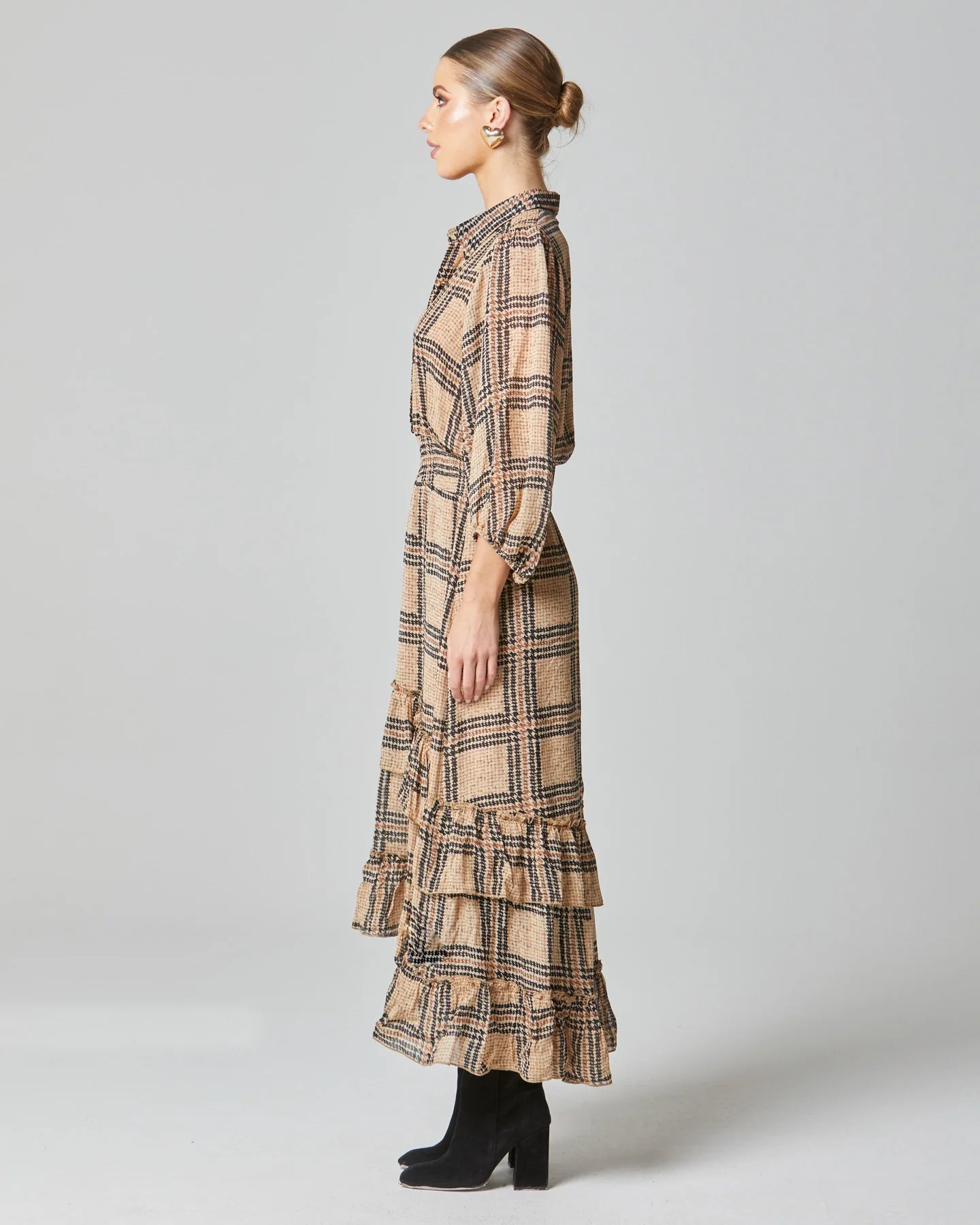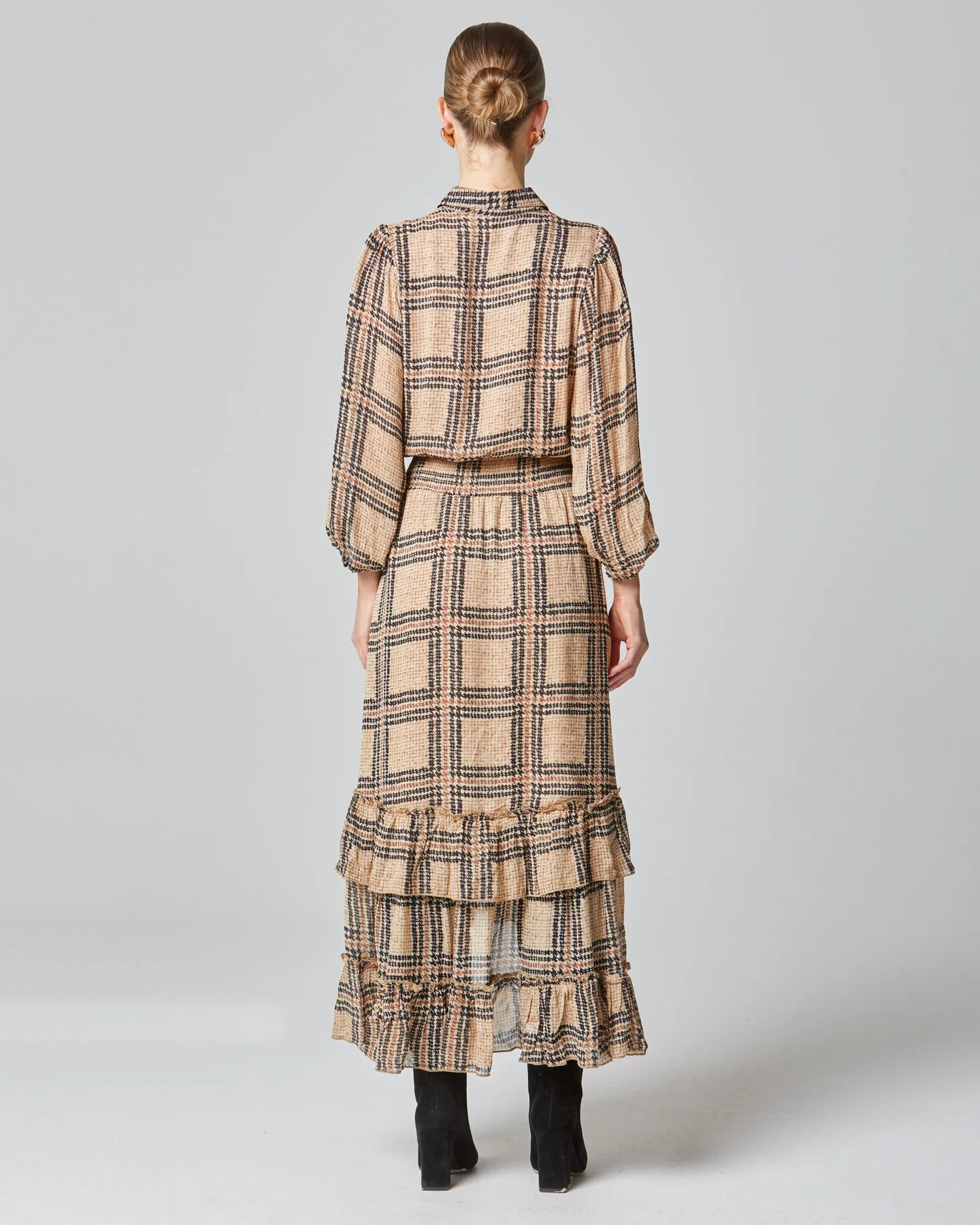 Fate+Becker Something Beautiful Midi Puff Sleeve Shirt Frill Hem Dress
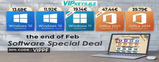 La fine del mese è l’occasione per una rinfrescata alle offerte VIPKeySale sulle migliori licenze software per la produttività quotidiana: prodotti come Windows e Office, ma anche antivirus e molto altro, possono essere trovati a prezzi imbattibili sfruttando semplicemente il codice coupon riservato VIPPF – attingendo così a codici senza scadenza, genuini e utili a mettersi immediatamente al lavoro sulla propria nuova postazione. Un esempio? Windows 10 Pro può essere acquistato con un prezzo tagliato addirittura del 91%. A voi scoprire tutte le altre offerte sfogliando i consigli disponibili in questo articolo.
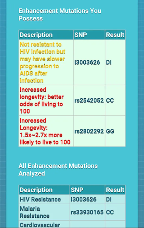• Enhancement Mutations (HIV Resistance, Longevity etc)
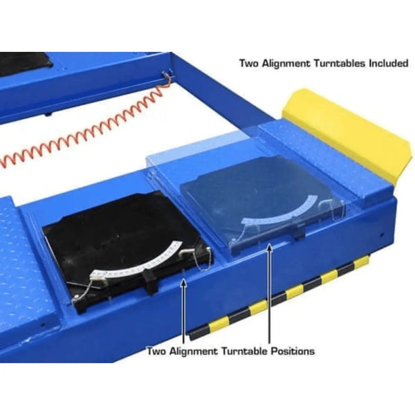 Includes turntables, built-in slip plates, jack rails for optional rolling jacks (like the Atlas® RJ8000BK), and a semi-enclosed airline routing system to prevent floor clutter.
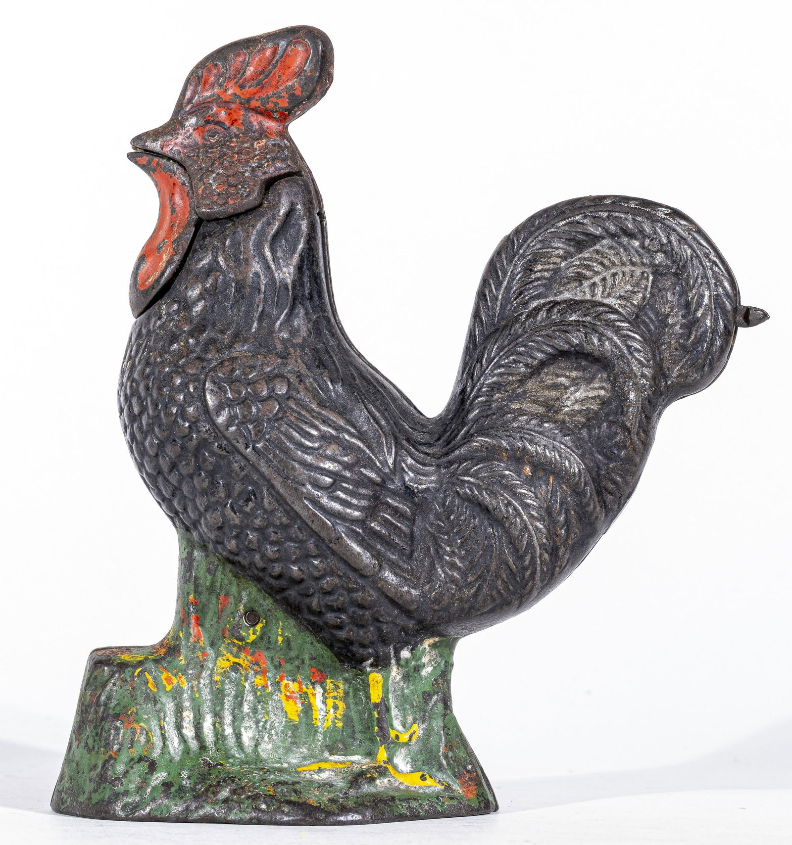 SoldCast Iron Mechanical Rooster BankMulti color mechanical cast iron rooster bank by Kessler & Rex circa 1890. Bank is in good condition. Mechanics are working. Bid with confidence and See pictures for condition. If bidding online feelSee Sold Price
- - -
**WHAT THE TASK ASKS:**
Every line of the listing is to be retyped exactly; pictures stay out.

**ANSWER TO THE PROBLEM:**
 Fate+Becker Something Beautiful Midi Puff Sleeve Shirt Frill Hem Dress
 La fine del mese è l’occasione per una rinfrescata alle offerte VIPKeySale sulle migliori licenze software per la produttività quotidiana: prodotti come Windows e Office, ma anche antivirus e molto altro, possono essere trovati a prezzi imbattibili sfruttando semplicemente il codice coupon riservato VIPPF – attingendo così a codici senza scadenza, genuini e utili a mettersi immediatamente al lavoro sulla propria nuova postazione. Un esempio? Windows 10 Pro può essere acquistato con un prezzo tagliato addirittura del 91%. A voi scoprire tutte le altre offerte sfogliando i consigli disponibili in questo articolo.
• Enhancement Mutations (HIV Resistance, Longevity etc)
 Includes turntables, built-in slip plates, jack rails for optional rolling jacks (like the Atlas® RJ8000BK), and a semi-enclosed airline routing system to prevent floor clutter.
 SoldCast Iron Mechanical Rooster BankMulti color mechanical cast iron rooster bank by Kessler & Rex circa 1890. Bank is in good condition. Mechanics are working. Bid with confidence and See pictures for condition. If bidding online feelSee Sold Price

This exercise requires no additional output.